# Case DC Running issues



## svarel (May 6, 2011)

After sitting 20 years pulled tractor up and replaced points condensor and starter switch, put fuel in and tractor started. Since then have changed oil, and filter, fluched raditor twice, went trhough the starter, replaced battery and altenator. Tractor would run great but after using a l;ittle bit and bouncing around tractor would start sputtering and dying taking out of gear and throttling down it would catch again or eventually die. So replaced plug wires, cap, rotor, plugs, throughly cleaned gas tank, added a second fuel filter, rebuilt the carb with a kit from Napa for Zenith carbs. Now the tractor doesn't idle at all. A friend who is an auto mechanic played with adjusting and could not get to work.

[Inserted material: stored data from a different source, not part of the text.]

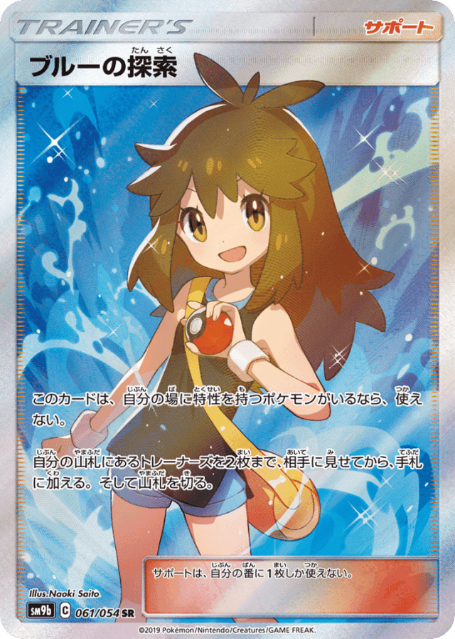 このカードは、自分の場に特性を持つポケモンがいるなら、使えない。 自分の山札にあるトレーナーズを2枚まで、相手に見せてから、手札に加える。そして山札を切る。 サポートは、自分の番に1枚しか使えない。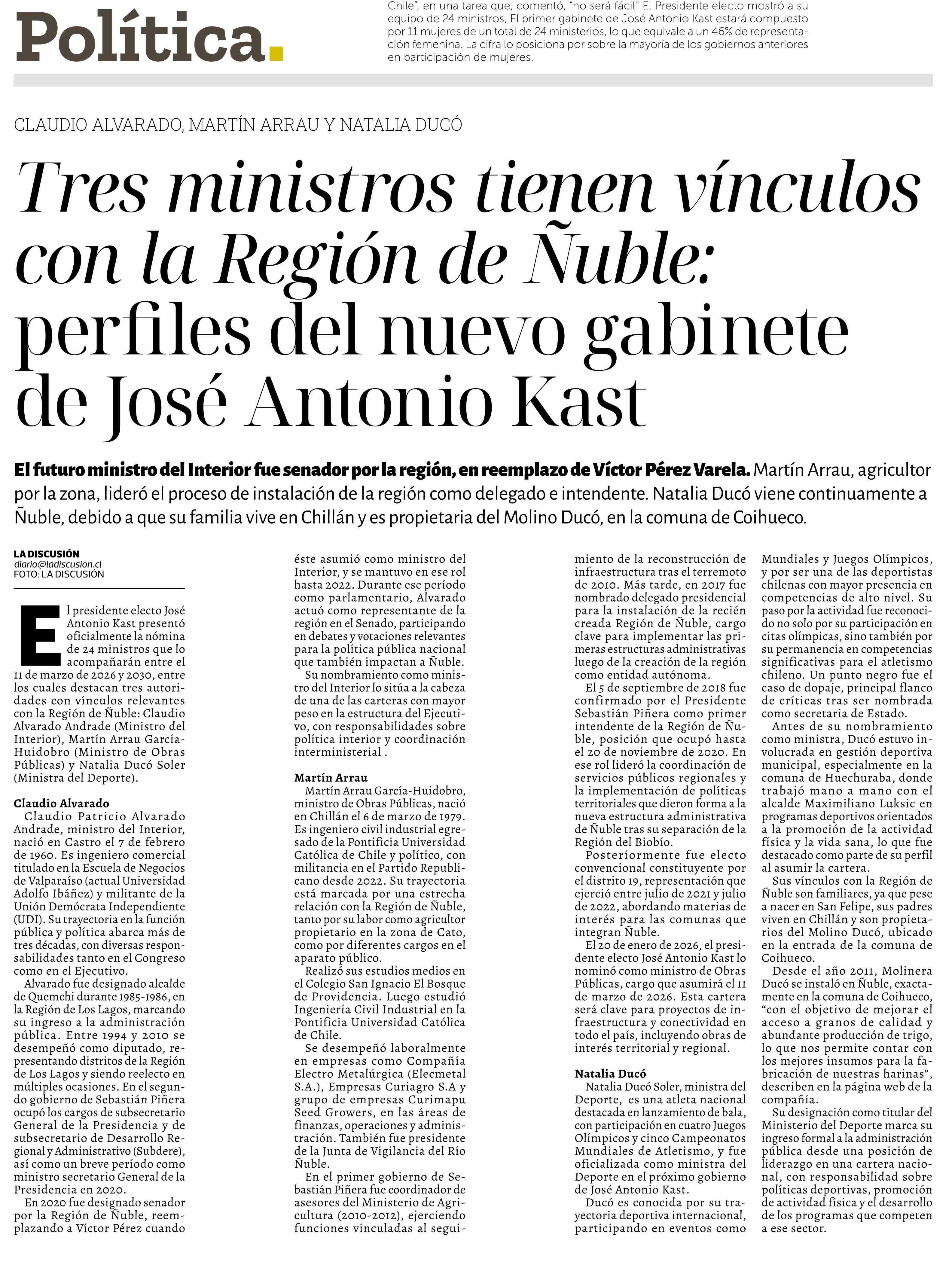 Título: Tres ministros tienen vínculos con la Región de Nuble: perfiles del nuevo gabinete de José Antonio Kast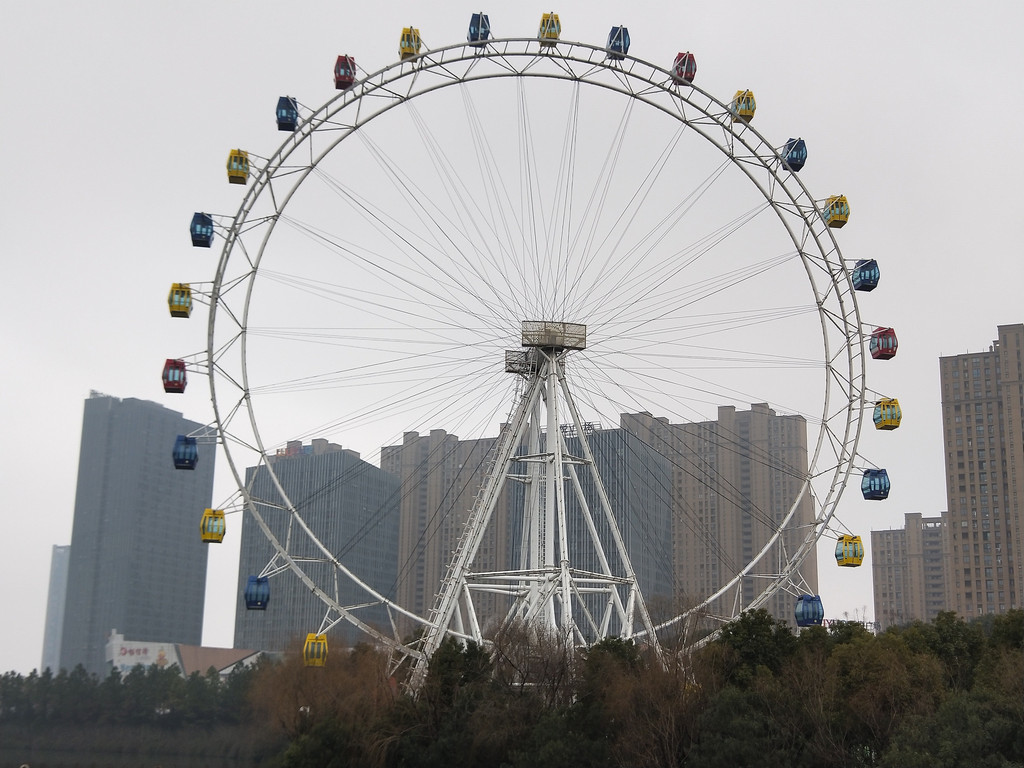 摩天轮无疑是最醒目的,看到它近在眼前,我们就知道已经走近欢乐世界了。看样子,这座欢乐世界的规模还挺大,不过我们都已经过了热衷游乐场的年龄,只是感慨了一下岁月不饶人,便过其门而不入地继续往前走了。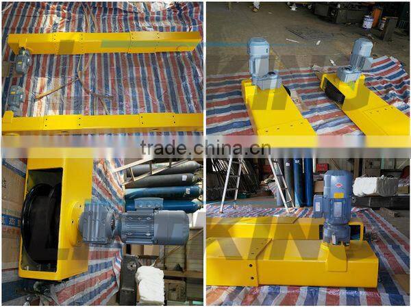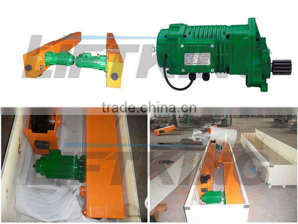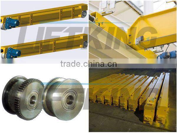 | Model | Capacity(T) | Span(m) | Power (kw) | Rail (kg) | Wheel Dia(mm) | Output Gear | Length (mm) | Traveling Speed(m/min) |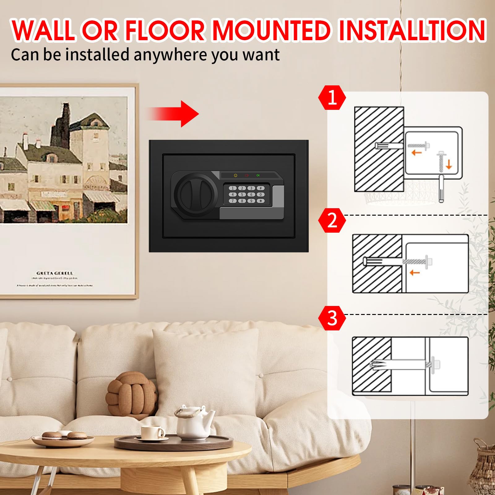 - 🔥🔥🔥【DURABLE STEEL CONSTRUCTION】: Constructed with SPCC steel, this safe is strong and reliable. It features two 20 mm diameter solid bolts, providing maximum security and protection for your valuables; The safe has undergone rigorous testing, proving its outstanding durability and material quality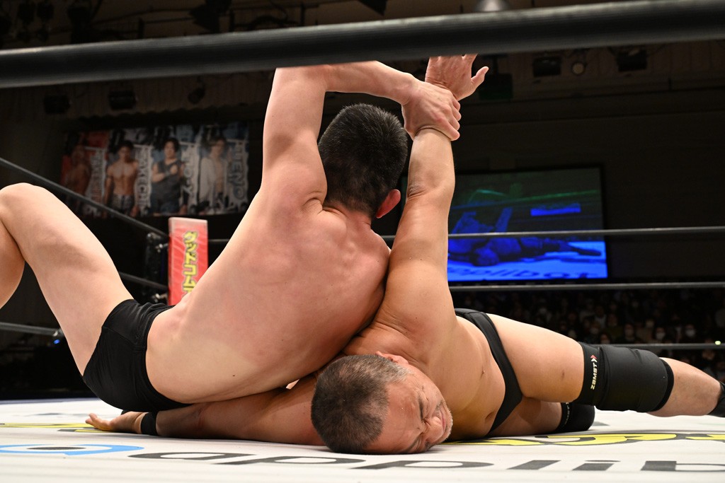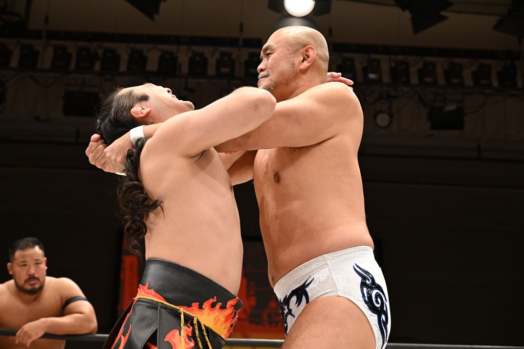 武知と初対決になるTAKESHITAは「武知海青とやっと対角に立てるのも、久しぶりに秋山さんと組めるのも楽しみ。去年の1・3後楽園で秋山さんと組んで、飯野雄貴&納谷幸男と対戦したんですけど……。米国のプロレスに慣れて、日本のスタイルを失いかけた、怖いプロレスを取り戻せたんで、体感したいと思います」、秋山は「武知君が今まで体験したことがないことを俺はやると思う。彼の運動神経とか見て、やっと来たかという感じで楽しみにしてます」と腕をぶした。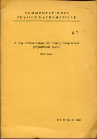 Ilkka, Seppo: A new arithmetization for finitely many-valued propositional calculi. Helsinki: Keskuskirjapaino 1966. 13 S., geheftet (Stempel auf Einband; wenig abgegriffen und leicht bestossen) (=Commentationes Physico-Mathematicae; Vol. 32, No. 8, 1966)
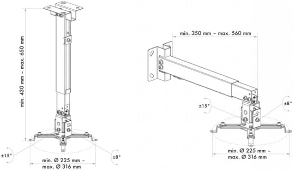 - Neigungswinkel: -15 – 15°. Breite: 270 mm.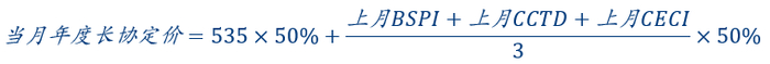 年度长协定价机制:是指供需双方约定的执行期限在一年及以上、有明确数量和价格机制的煤炭购销方式合同双方按年为周期对煤炭进行约定交易的交易模式,定价模式为基准价+浮动价。定价周期为每月一次。但具体的定价公式上需区分下水煤与铁路直达煤。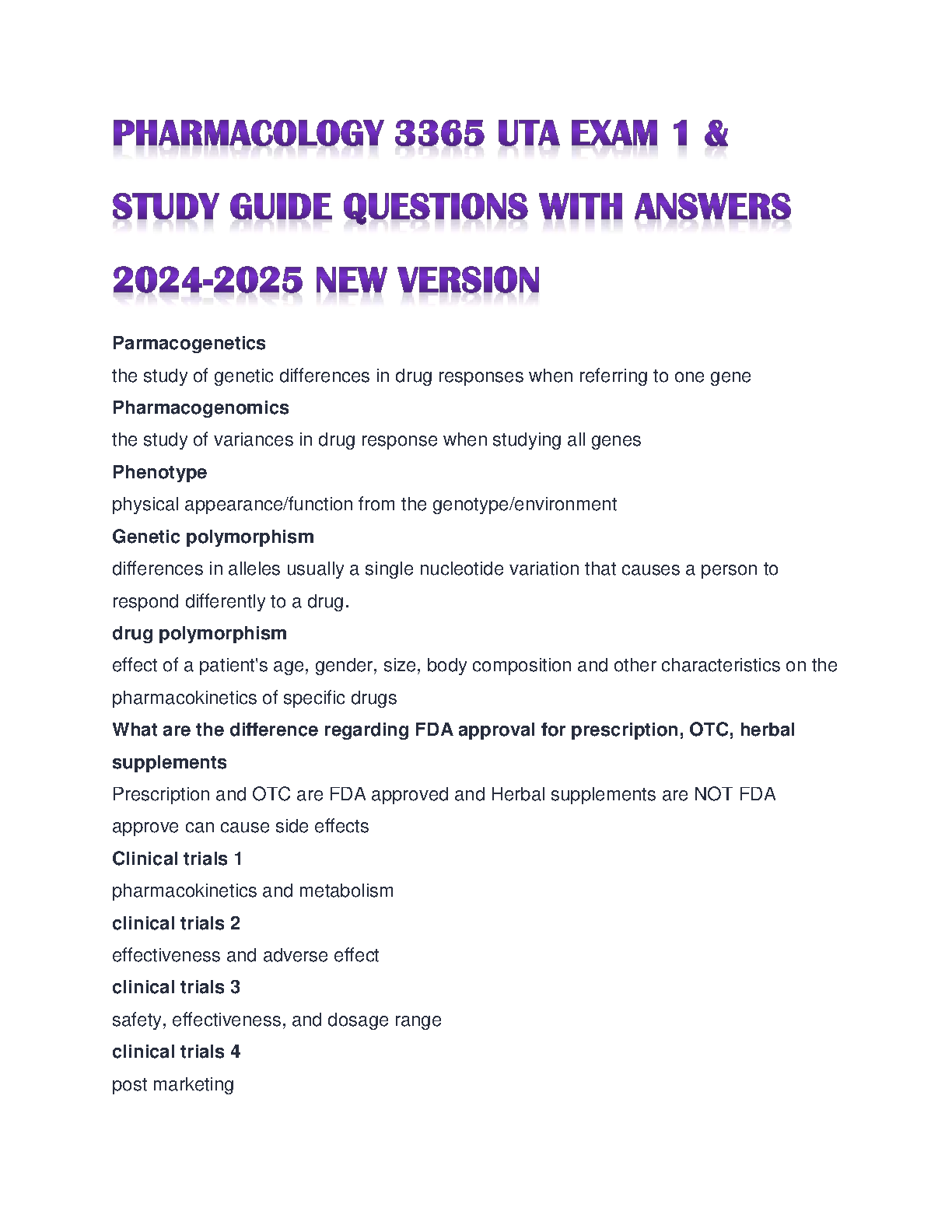 Ace your Pharmacology 3365 Exam 1 at UTA with our comprehensive Test Bank and Study Guide for the 2025/2026 academic year. This is not just a list of questions; it's your ultimate resource for success, featuring a complete set of exam-focused questions and detailed, verified answers. Master crucial topics such as pharmacogenetics, pharmacogenomics, clinical trial phases, drug polymorphism, and FDA regulations. Designed to help you study smarter, not harder, this guide is your key to passing the exam on your first attempt and avoiding resits. Download now and secure your top grade!

Anyone have any suggestions? Every orfice appears open and fine. Would the floats being misadjusted be the cause? Appreciate any and all help!!!


----------



## Hoodoo Valley (Nov 14, 2006)

Welcome to the forum!


----------



## Evanedward (Mar 17, 2011)

Wecome to TractorForum. My 1950 Case D (same as DC but with standard axle) is sitting around to much and has some of the same problems. Last year I cleaned the gas tank. I think the carb should be cleaned from to much old gas. Did you check the timing? Heres hoping you find the problem. I've had problems over the years with certain gasoline. Once it was some winter blend gas that frosted up the intake manifold. I drained that and replaced it with new and that was it. I think these old guy's just prefered the old leaded gas.


----------



## svarel (May 6, 2011)

Still searching for help on my issue with my case dc..... I also would like to know how someone would check the timing and adjust if needed. Not sure if thats it or not. Dang thing idled so good before but when tried to say plow after a little bit of jsotling around it would start spurting like didnt have gas. So rebuilt the carb. Now can't get it to idle right if at all. anyone know much about these? Help!!!!


----------